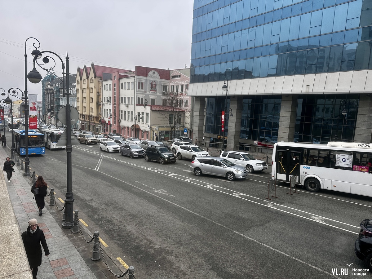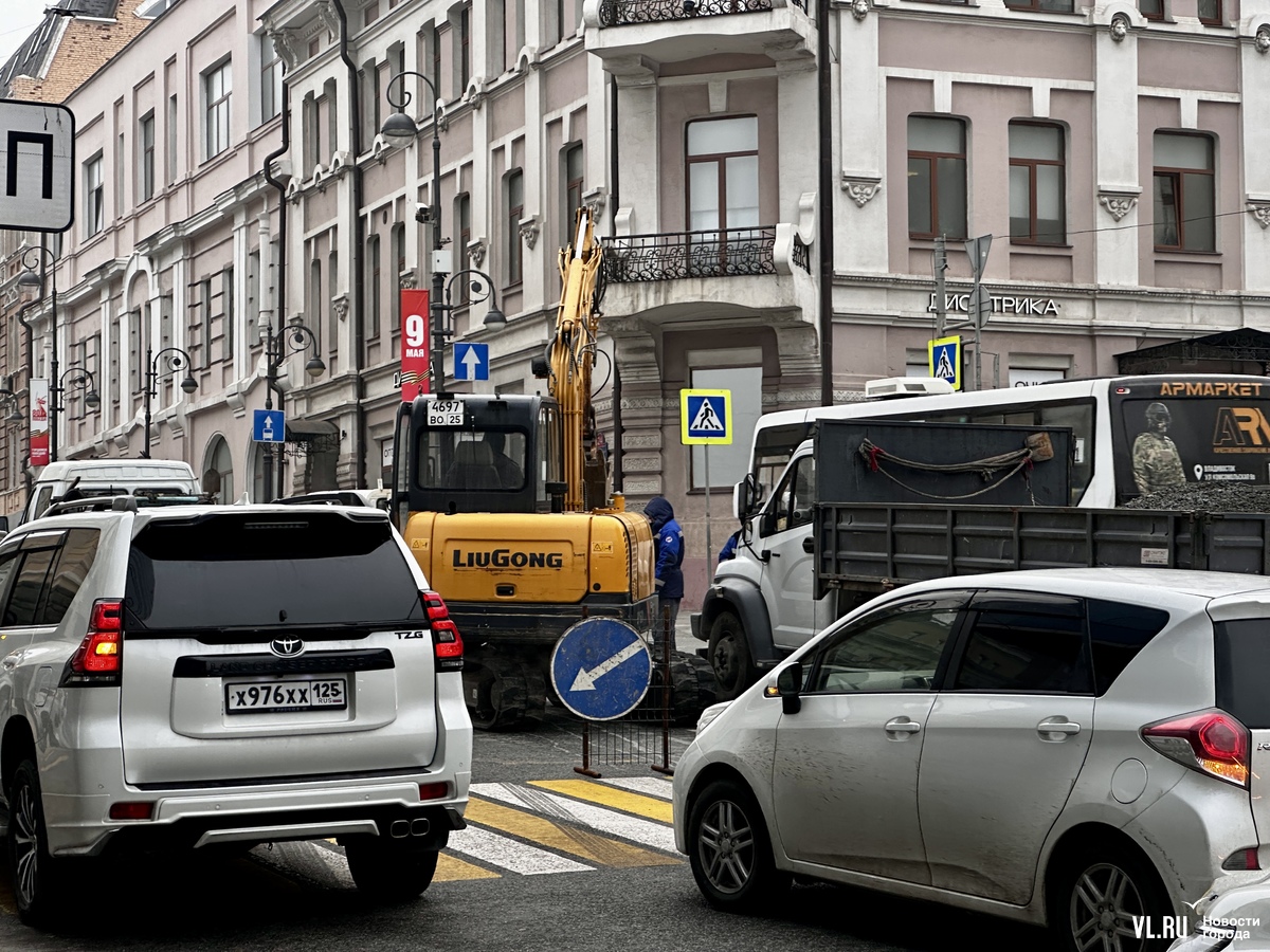 Утром в пятницу, 11 апреля, на перекрёстке Океанского проспекта с Фонтанной проводят ремонтные работы. Здесь заняты две полосы движения, собралась пробка.
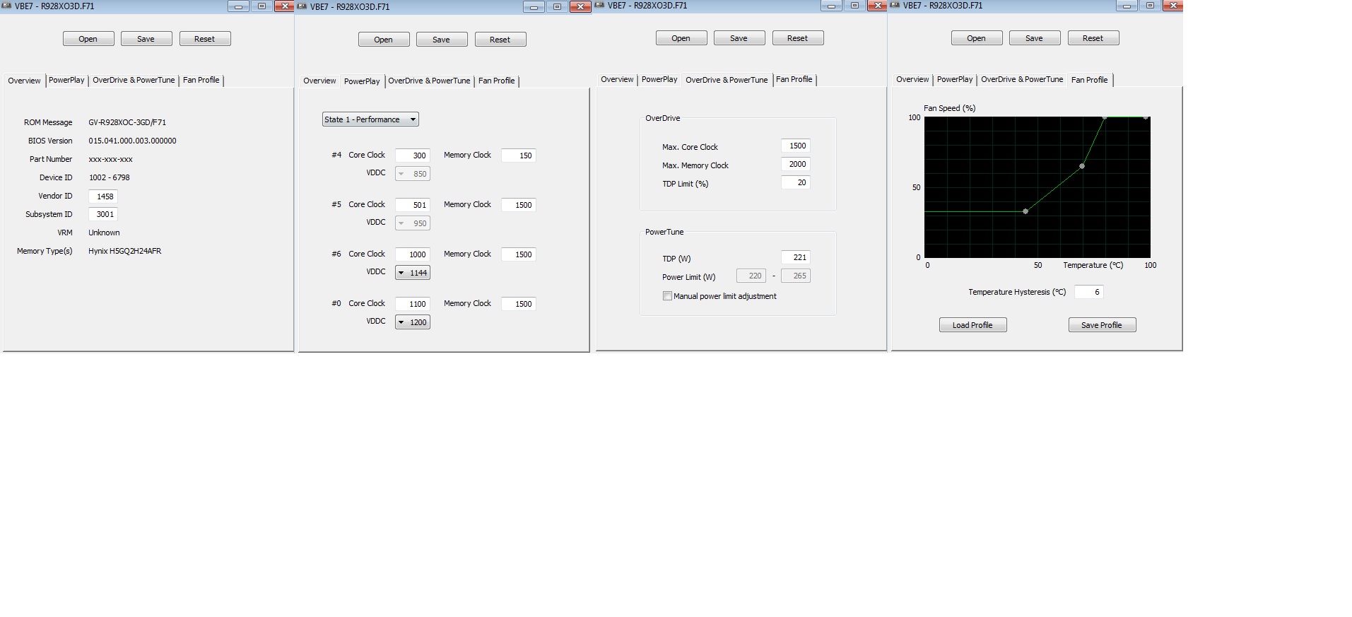 Помогите разогнать SAPPHIRE DUAL-X R9 280X 3GB GDDR5 OC (UEFI), менял и сохранял значения через VBE7.0.0.7b, но после прошивки при заходе в любую 3Д игру она намертво зависает, судя по GPUz частоты сбрасываются до 300 мгц и 150 память. хотя виндоус работает. и ТПД повышал до 270, ничего не помогло. Хочу выставить по ядру 1100( напряжение 1.200), по памяти 1600. Может кто умеет через HEX редактор поможет Мой биос https://yadi.sk/d/0A7-kM6KeLsJa
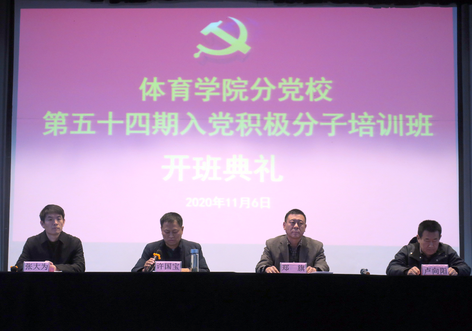 培训班开班典礼11月6日下午在大礼堂举行。院党委书记许国宝,校党委委员、院党委副书记、院长郑旗,院党委委员、副院长卢向阳出席开班典礼,203名入党积极分子参加开班典礼由院党委副书记张大为主持。
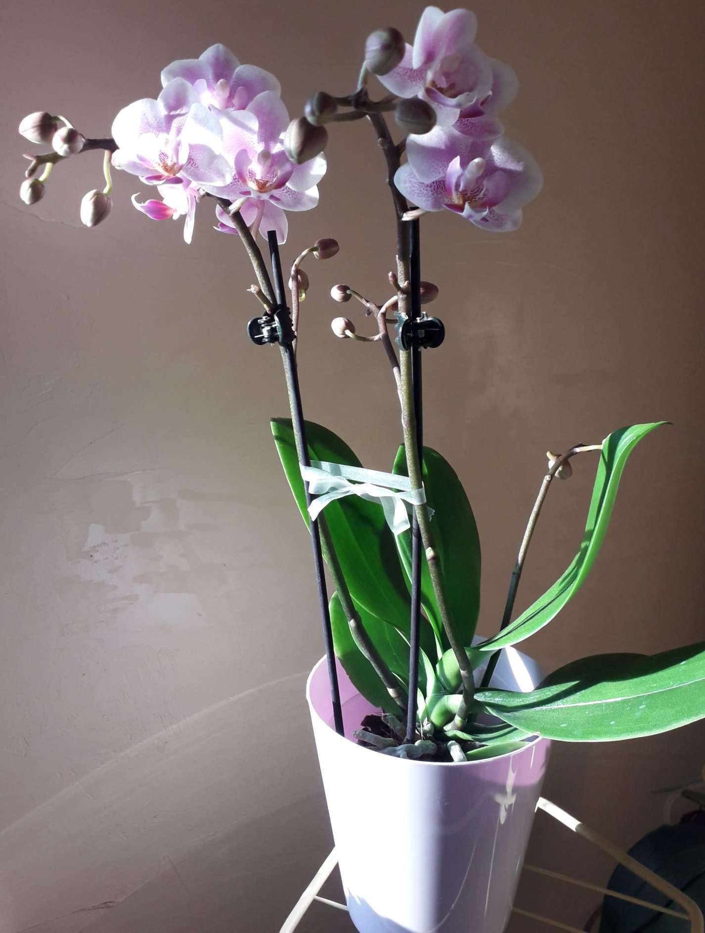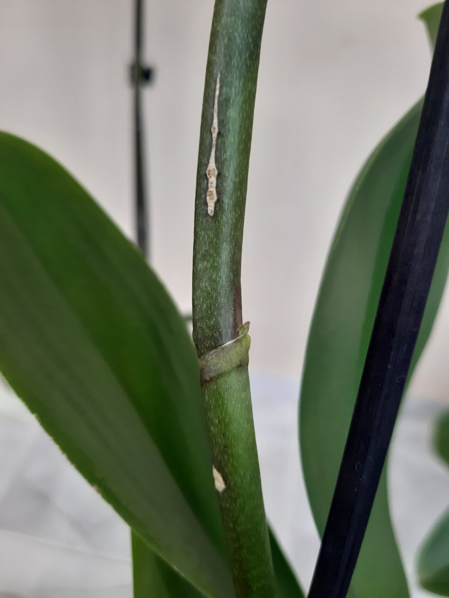 Не мога да им се нарадвам. Като ги "пресявах" забелязах, че на цветоноса на едното има някакви "неща". Дали са разклонения на цветоноса ? Сякъш не излизат точно от спящата пъпка, а над нея.
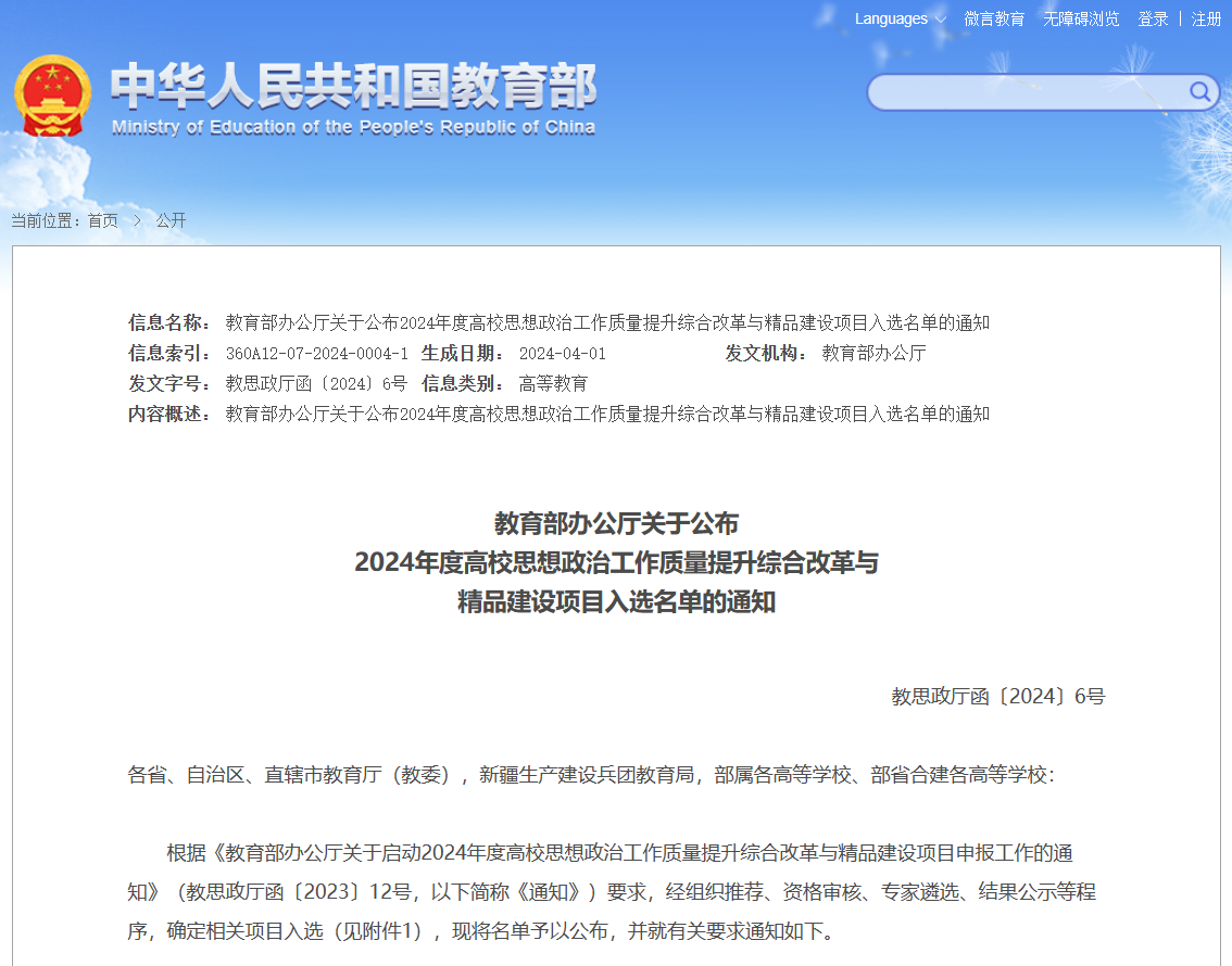 近日,教育部公布《2024年度高校思想政治工作质量提升综合改革与精品建设项目入选名单的通知》(教思政厅函〔2024〕6号),经组织推荐、资格审核、专家遴选、网络公示等环节,我校王强主持建设的“润心工匠工作室”成功入选国家级辅导员名师工作室,这是我校辅导员队伍建设及学生工作又一标志性成果。此次系教育部首次评选全国高校辅导员名师工作室(全国80项,河南省3项)。
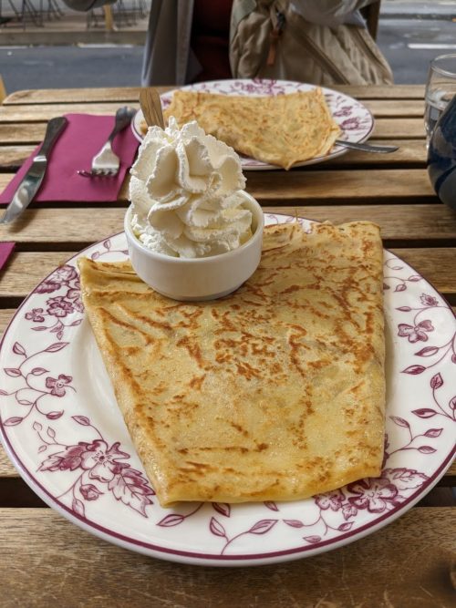 旅の最終日。午後の飛行機の出発前に、エッフェル塔に登ろうと思っていたのですが、その日は前日のパリ祭の影響で14時からのオープンで時間的に断念、とても残念でした(泣)。フライト前にお土産などのお買い物をして、再び昨夜のガレット屋さん「La Creperie de Josselin」へ。今度はスイーツ系の甘いガレットを注文しました。甘さが染み渡っていてとても美味しく、大満足でした。早めのランチの後、最後のパリの街を楽しんでから空港へ向かいました。
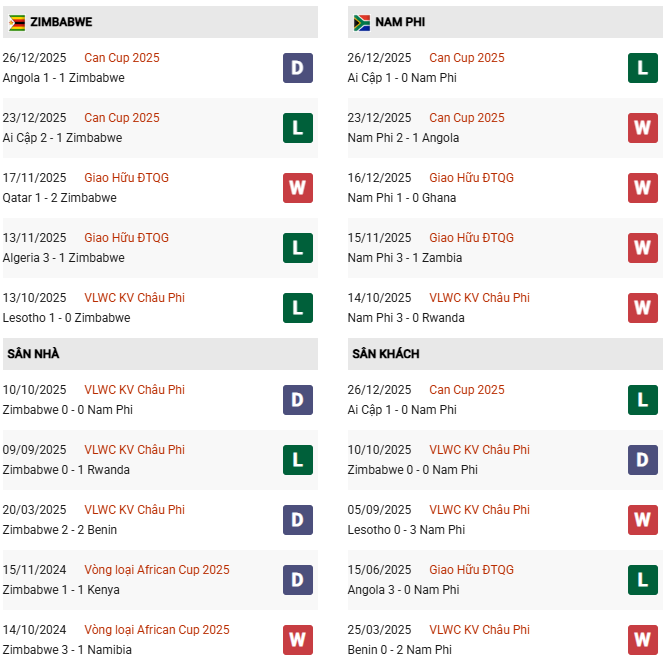 Thống kê phong độ Zimbabwe vs Nam Phi:

......

• To do
Copy, without the pictures, exactly the lines from the line with "近日,教育部公布《2024年" through the end of the material above, both ends included.

• Result of this exercise
 近日,教育部公布《2024年度高校思想政治工作质量提升综合改革与精品建设项目入选名单的通知》(教思政厅函〔2024〕6号),经组织推荐、资格审核、专家遴选、网络公示等环节,我校王强主持建设的“润心工匠工作室”成功入选国家级辅导员名师工作室,这是我校辅导员队伍建设及学生工作又一标志性成果。此次系教育部首次评选全国高校辅导员名师工作室(全国80项,河南省3项)。
 旅の最終日。午後の飛行機の出発前に、エッフェル塔に登ろうと思っていたのですが、その日は前日のパリ祭の影響で14時からのオープンで時間的に断念、とても残念でした(泣)。フライト前にお土産などのお買い物をして、再び昨夜のガレット屋さん「La Creperie de Josselin」へ。今度はスイーツ系の甘いガレットを注文しました。甘さが染み渡っていてとても美味しく、大満足でした。早めのランチの後、最後のパリの街を楽しんでから空港へ向かいました。
 Thống kê phong độ Zimbabwe vs Nam Phi:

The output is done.